YÖM Kamp’tan herkese selamlar,

Kasım ayıyla birlikte yavaş yavaş “2022’nin de sonuna geldik” duygusuna kapılmaya başladık. Yıl boyunca birçok kampta bir araya geldik; doğa ile doyasıya kucaklaştık.

Geçtiğimiz hafta sonu da (yani 5-6 Kasım’da) bu etkinliklere bir yenisini daha ekledik, Ovacık Yaylası’nda YÖM Okulları Doğa Kampı’nda buluştuk. 

Ege’nin ılık sonbahar esintisi ve huzur veren manzaraları da geleneksel doğa kampımızda bize eşlik etti. YÖM Okulları Güzelbahçe Yerleşkesi’nde eğitim gören öğrencilerimiz, velilerimiz ve eğitimcilerimizle beraber “Yaparak / Yaşayarak Öğrenme”yi doğadan aldığımız ilhamla deneyimle fırsatı bulduk.

Dilerseniz, kampımızın nasıl geçtiğinden bahsedelim sizlere biraz da…

Kamp alanına gitmeden önceki buluşma noktamız olan köy meydanında içimizi ve ruhumuzu ısıtan çaylarımızı içerek başlıyoruz güne. Bir yandan kendi aralarında hasret gideren YÖM’lü velilerimiz, ilk kez karşılaşan arkadaşlarımızın tanışıp kaynaşmaları; bir yandan da köy halkının bize karşı sıcakkanlı ve misafirperver tavırları…

Kolay kolay ayrılmak istemiyoruz köy meydanından. Ama Ovacık Yaylası’nda bizi bekleyen bir macera var. Konvoy halinde kamp alanına doğru yola çıkıyoruz. Yolda bir süre, kendi aramızda, kasım ayında olmamıza rağmen havanın 18 – 19 derecelerde olmasını tartışıyoruz. İçinde bulunduğumuz iklim krizine dair kurumlar üstü devlet politikaları geliştirilmesinin zorunluluğuyla yüzleşiyoruz bir kez daha…
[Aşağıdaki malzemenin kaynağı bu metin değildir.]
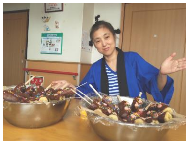
いろんな縁日楽しみました♪

※ フロアごとや少人数にて密にならない状 態で楽しんでいただけるような企画を考え ています♪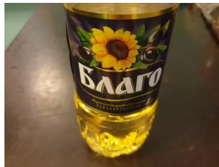
3. Берём масло растительное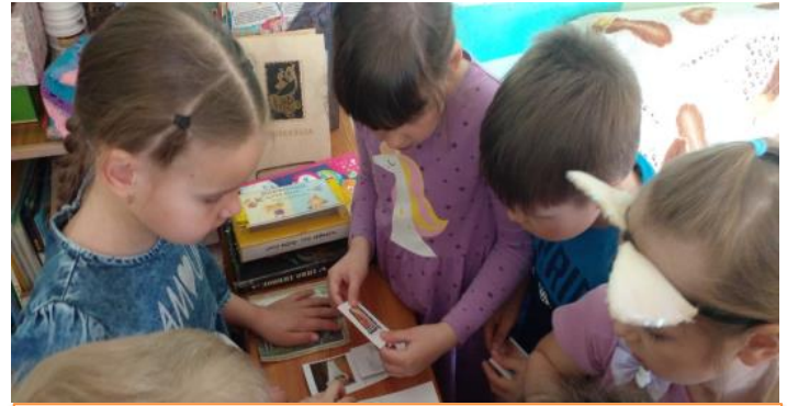
Задание № 2: Игра «Было – стало»

Kamp alanına vardıktan sonra hiç vakit kaybetmeden çadırlarımızı kurmaya başlıyoruz. Hayli kalabalığız bu kampta. Haliyle içimizde deneyimli kampçılar kadar amatör kampçılarımız da var. Çadır kurmaya dair teknik detayları ve dikkat edilmesi gereken noktaları paylaşıyoruz onlarla. Çabucak üstesinden geliyorlar çadır kurma işinin.

Çadırlarımızı kurup kamp alanına yerleştikten sonra kahvaltılar ediyor, çaylar, kahveler içiyor, sohbet ediyoruz tabii. Neşemize neşe katıyor, yürüyüş öncesi enerji depoluyoruz hep beraber.

Kestane ağaçlarının arasından geçerek başlıyoruz ilk yürüyüşümüze. Sonbaharın bütün renkleri eşlik ediyor bize. Doğanın açtığı yolda belirliyoruz rotamızı. Doğanın uzattığı eli tutuyor; kokusunu içimize çekiyoruz. Eşsiz güzellikler içinde neredeyse 6 kilometre yürüyoruz. Kahvaltıda depoladığımız enerjimizi, meyve ve kuru yemişlerle tazeliyoruz zaman zaman.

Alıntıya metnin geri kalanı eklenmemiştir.